**WHAT YOU HAVE TO DO:** Look through the data below for the line with "The chance that" and the line with "pro,從Z-603S到A8S,再到如今的工業級產品矩陣——SLA 2040、SLA 640、SLA", then transcribe exactly from the first through the second, leaving out all pictures.

**RECORDED INFORMATION:**
--*--
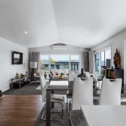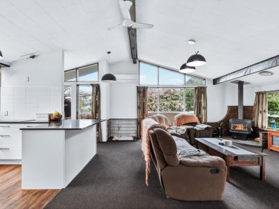 Thoughtfully designed to focus on light and warmth. The heart of the residence is the expansive living area, perfectly oriented to the North, ensuring the space is flooded with natural light. This sun-drenched zone flows seamlessly through large sliders to the North-facing deck, creating a private setting for everything from quiet relaxation to lively entertaining.
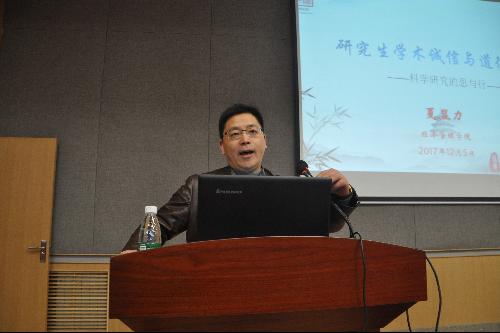夏显力教授首先通过历史典故的阐释,引出“诚信是立人之本,道德是处世之宝。”的根本要义,进而指出:“大学之道,在明明德,在亲民,在止于至善。教育的目的是为了达到人与社会的双重完善。”他强调科学精神包含敬业精神、诚信精神、求证精神、怀疑精神、坚韧精神。其中,诚信精神是科学研究的最低要求。科学精神是科员工存发展的优秀传统和生命线。学术道德具有鲜明的职业性、突出的自律性、强烈的示范性,并认为没有一流德性,就没有一流大学。然后他结合当前社会学术诚信与道德规范情况,分析了有些科研诚信问题和学术不端行为发生的成因,告诫大家要养成科研诚信的基本素养,铭记自己的科研初心,牢记科学精神十六字——实事求是,探索求知,崇尚真理,勇于创新。
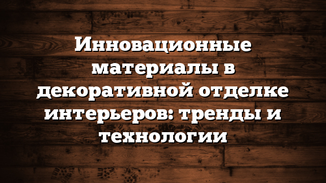 Почему важны инновационные материалы в интерьерной отделке?
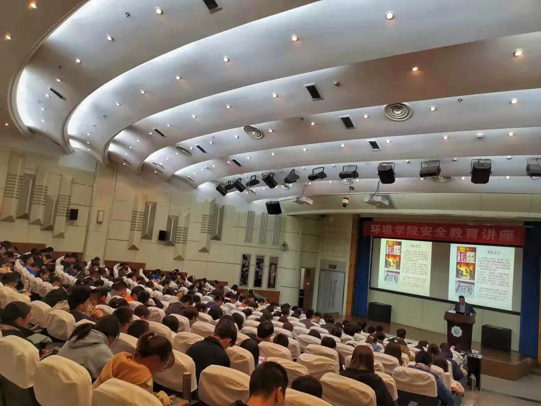 谈及心理安全,吴处长将真挚的目光投向在座的同学,将心理安全的重要性娓娓叙来。通过吴处长所举的例子,环境学子看到了阳光成长的重要性。吴处长在关于消防安全的讲述上,逐一指出了宿舍安全隐患与实验室安全隐患。如宿舍充电宝隐患、高功率电器隐患与实验室危险物品安全隐患。吴处长以简洁幽默的语言讲述了灭火器的使用方法与消防门的重要性,教育环境青年们:“安全工作没有终点”,并希望同学们做到“安全学习一起抓”的意识。而后,吴处长针对诈骗,列举了多个同学们身边出现的诈骗案例,提出如今诈骗的“精,真,狠”的特点,并向同学们提供了防诈法宝“十个凡是”打油诗,呼吁同学们积极反诈,提高反诈安全意识。
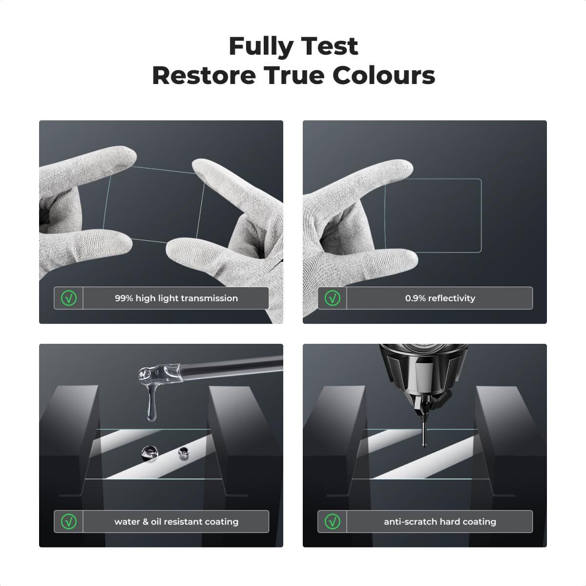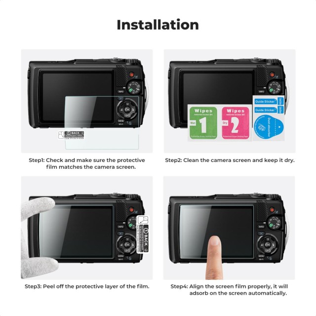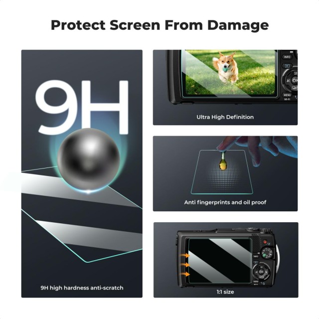 Kiváló minőségű, 9H keménységű edzett üvegből készültek, amely kiválóan ellenáll a karcolásoknak és a szúrásoknak – megbízhatóan védi a fényképezőgép kijelzőjét.
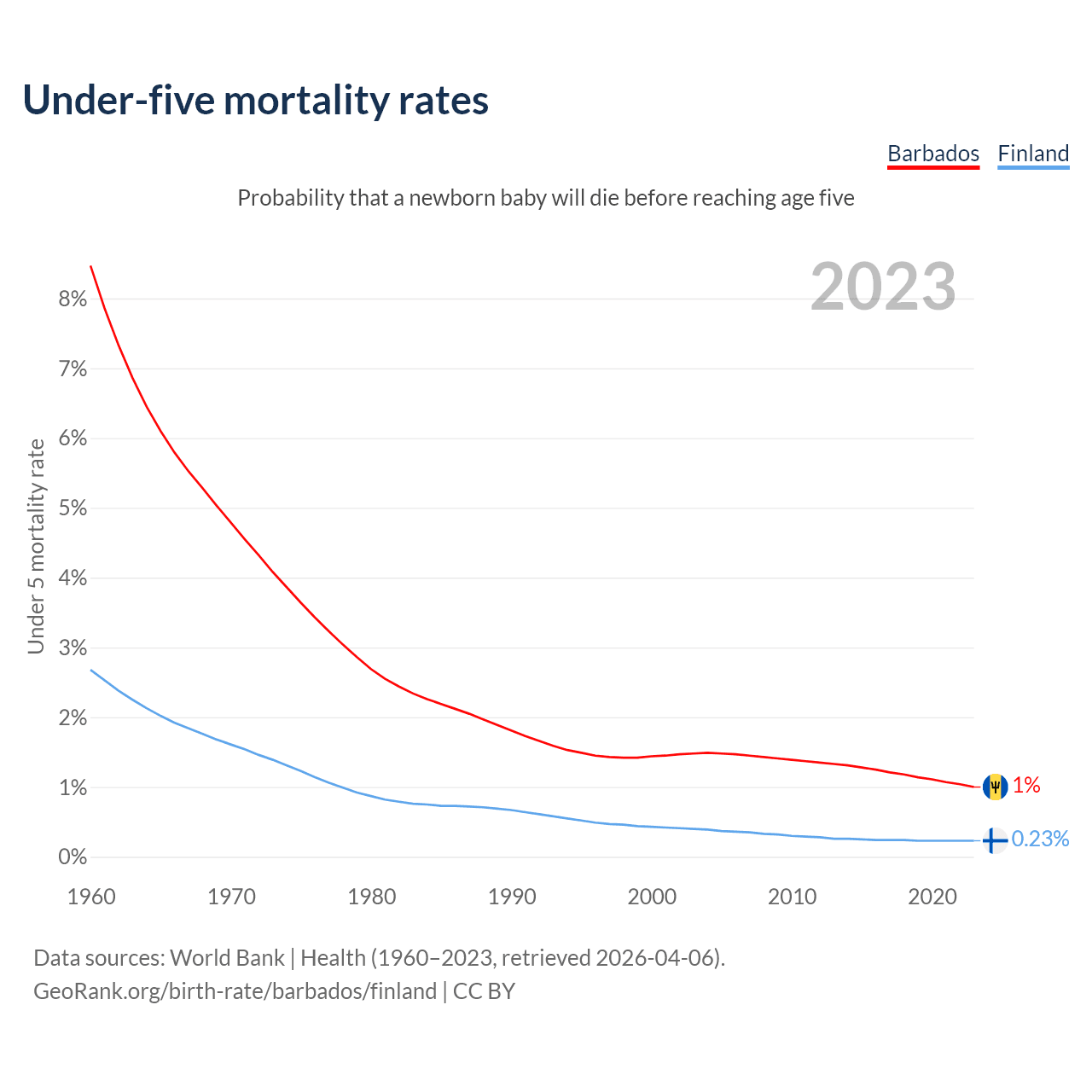 The chance that a newborn baby will die before reaching age five is 1% in Barbados and 0.23% in Finland. Above is a chart with historical data on under-five mortality rates.
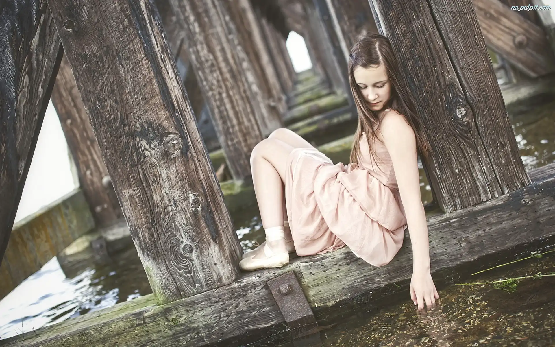 Dziewczyna, Woda, Molo, Brunetka, Młoda, Baletnica
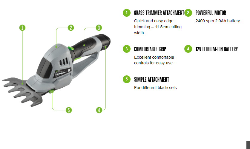 The shrubber features 20cm reciprocating, double-sided blades with 8mm blade gap which make it ideal for jobs requiring meticulous attention to detail on hedges and shrubs. The 11.5cm grass shear blade will achieve precise trimming of lawn edges. The blades can be quickly exchanged at the touch of a button and run at 2400 cuts per minute to deliver an extremely clean cut.
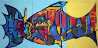 'Baciopesce', Puntapao"Il simbolo vuoto" – Ogni opera pone, quindi una domanda al suo interlocutore visivo, che è chiamato a trovare la risposta, sua e personalissima. Il simbolo vuoto vuole esprimere questo significato in formazione, in cerca di identificazione, perché riempito dell'esperienza e della conoscenza di ciascun fruitore dell'arte. Le opere di Puntopao si pongono come dei simboli 'vuoti' da riempire con la sensibilità e la profondità di chi guarda, in dialogo con ciò che ha scoperto e trasmutato in pittura l'artista. Per Puntopao, l'arte è la testimonianza diretta di un 'esserci', di un vissuto indagato e sviluppato completamente sulla tela e nella materia-colore. Il percorso della mostra è un viaggio nella gioia viscerale del dipingere. La mostra è a cura di Antonio d'Amico, critico d'arte ed è organizzata dell'Associazione Culturale Flangini di Saronno con il patrocinio del Comune di Milano e di Verona. L'inaugurazione ha dato modo ai presenti di approfondire il legame tra possibilità intrinseche dell'ispirazione artistica ed esperienza sensoriale dell'arte terapia. Una pittura, quella di Puntopao che manifesta uno stile libero da schematismi e regole, una pittura emotiva e profonda.
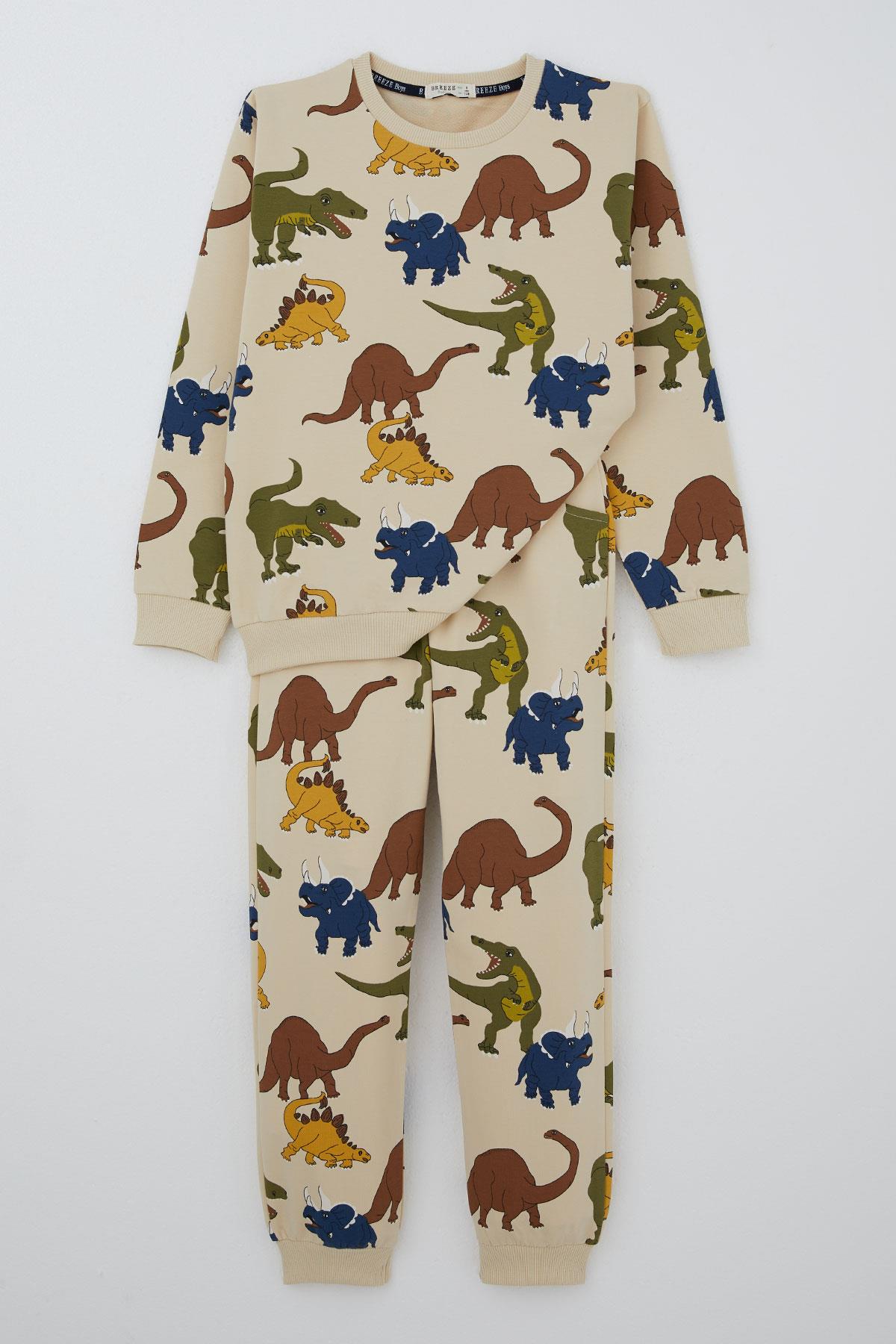 BRE Breeze Erkek Çocuk Eşofman Takım Dinozorlar Alemi Desenli 4-8 Yaş, Bej - Albi
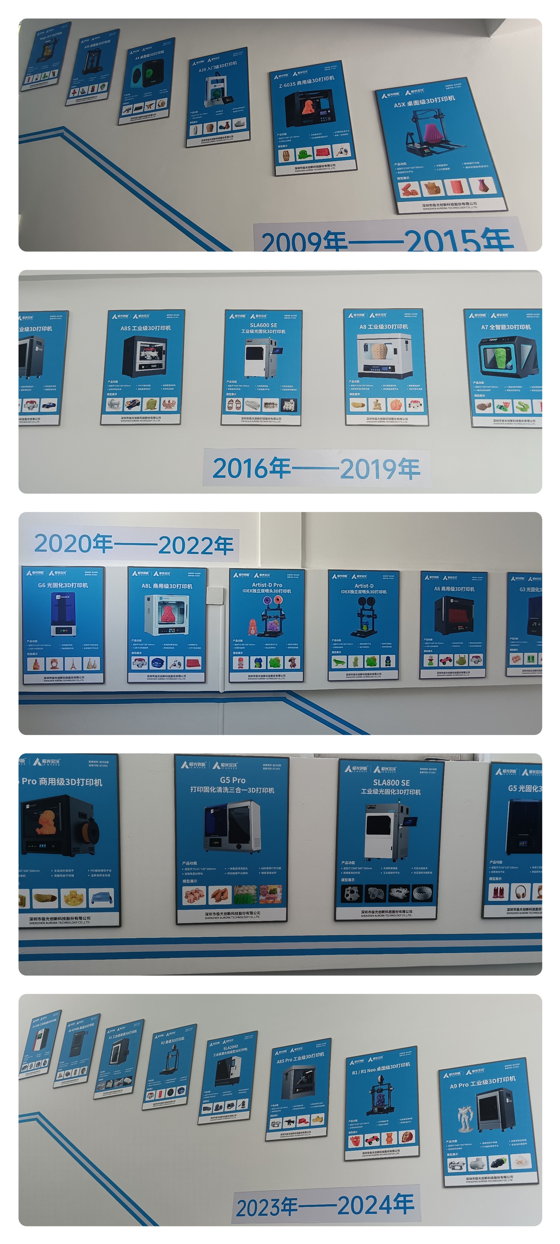 為了展現公司的發展歷程和輝煌成就,極光創新特意在入門處設置了產品展牌。從A5X到R2,從G3到G5 pro,從Z-603S到A8S,再到如今的工業級產品矩陣——SLA 2040、SLA 640、SLA 850、SLM 300等,每一款產品都是團隊努力的智慧結晶。這些展牌如同一部時光機,回顧著極光創新走過的每一步,帶領大家感受創新的力量。
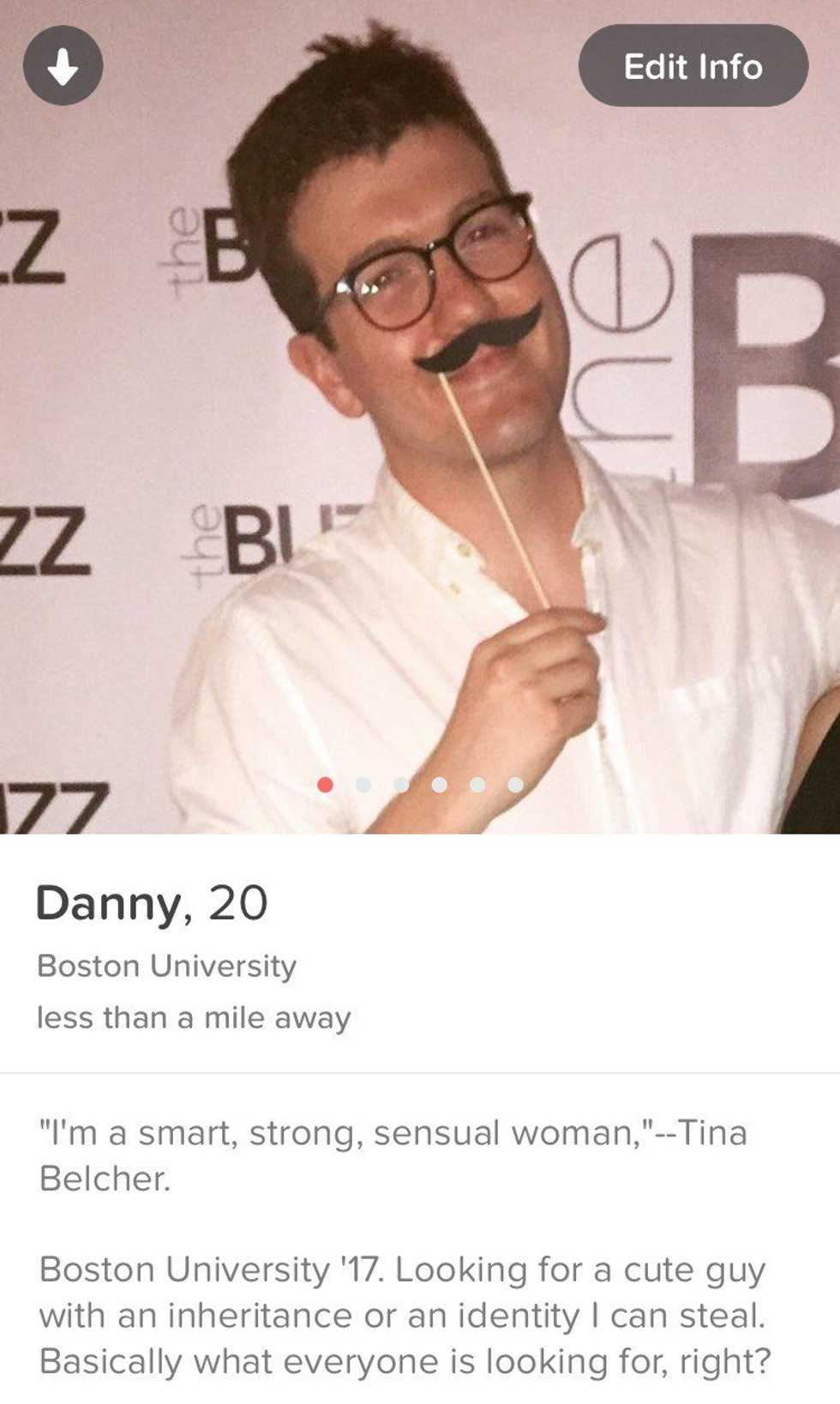 When I’m at college in Boston, it’s to see which of my friends are on the app, and who of the multiple passersby I eye-stalk on a daily basis have noticed me. It’s also an easy way to avoid heartbreak if I’m able to sort my crushes into “Str8s” and “Gays.” When I was abroad in London, it was to roughly gauge on what side of the annoying-charming line my humor fell (I wasn’t pleased with the answer). When I was traveling abroad (abroad from abroad) in Italy and Madrid, it was to see if I was beguiling to various hot European men. Apparently, I’m catnip to European dudes—if “catnip” is code for “tall skinny white boy who quotes Tina Belcher in his profile.”
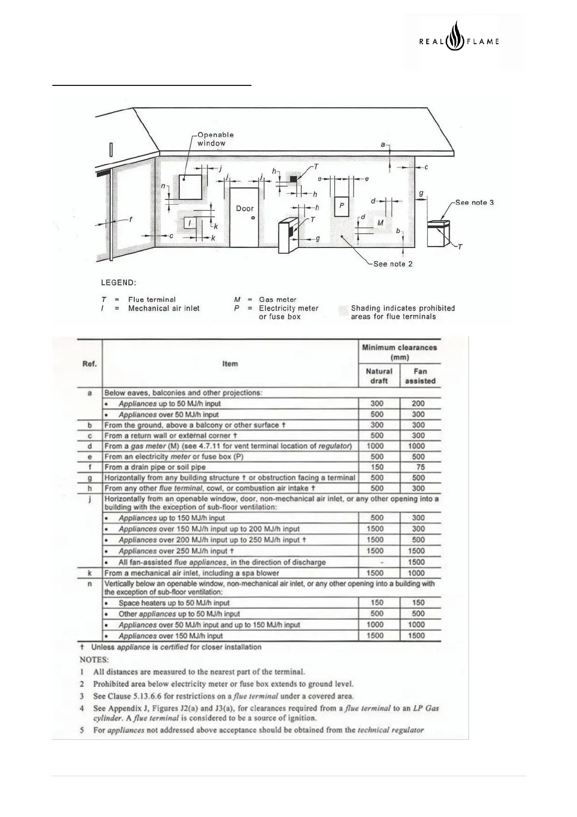 Real Flame 700 - FLUE TERMINAL LOCATION GUIDELINES; Terminal Location Clearances; Clearance Notes
--*--
**RESPONSE FOR THIS EXERCISE:**
 The chance that a newborn baby will die before reaching age five is 1% in Barbados and 0.23% in Finland. Above is a chart with historical data on under-five mortality rates.
 Dziewczyna, Woda, Molo, Brunetka, Młoda, Baletnica
 The shrubber features 20cm reciprocating, double-sided blades with 8mm blade gap which make it ideal for jobs requiring meticulous attention to detail on hedges and shrubs. The 11.5cm grass shear blade will achieve precise trimming of lawn edges. The blades can be quickly exchanged at the touch of a button and run at 2400 cuts per minute to deliver an extremely clean cut.
 'Baciopesce', Puntapao"Il simbolo vuoto" – Ogni opera pone, quindi una domanda al suo interlocutore visivo, che è chiamato a trovare la risposta, sua e personalissima. Il simbolo vuoto vuole esprimere questo significato in formazione, in cerca di identificazione, perché riempito dell'esperienza e della conoscenza di ciascun fruitore dell'arte. Le opere di Puntopao si pongono come dei simboli 'vuoti' da riempire con la sensibilità e la profondità di chi guarda, in dialogo con ciò che ha scoperto e trasmutato in pittura l'artista. Per Puntopao, l'arte è la testimonianza diretta di un 'esserci', di un vissuto indagato e sviluppato completamente sulla tela e nella materia-colore. Il percorso della mostra è un viaggio nella gioia viscerale del dipingere. La mostra è a cura di Antonio d'Amico, critico d'arte ed è organizzata dell'Associazione Culturale Flangini di Saronno con il patrocinio del Comune di Milano e di Verona. L'inaugurazione ha dato modo ai presenti di approfondire il legame tra possibilità intrinseche dell'ispirazione artistica ed esperienza sensoriale dell'arte terapia. Una pittura, quella di Puntopao che manifesta uno stile libero da schematismi e regole, una pittura emotiva e profonda.
 BRE Breeze Erkek Çocuk Eşofman Takım Dinozorlar Alemi Desenli 4-8 Yaş, Bej - Albi
 為了展現公司的發展歷程和輝煌成就,極光創新特意在入門處設置了產品展牌。從A5X到R2,從G3到G5 pro,從Z-603S到A8S,再到如今的工業級產品矩陣——SLA 2040、SLA 640、SLA 850、SLM 300等,每一款產品都是團隊努力的智慧結晶。這些展牌如同一部時光機,回顧著極光創新走過的每一步,帶領大家感受創新的力量。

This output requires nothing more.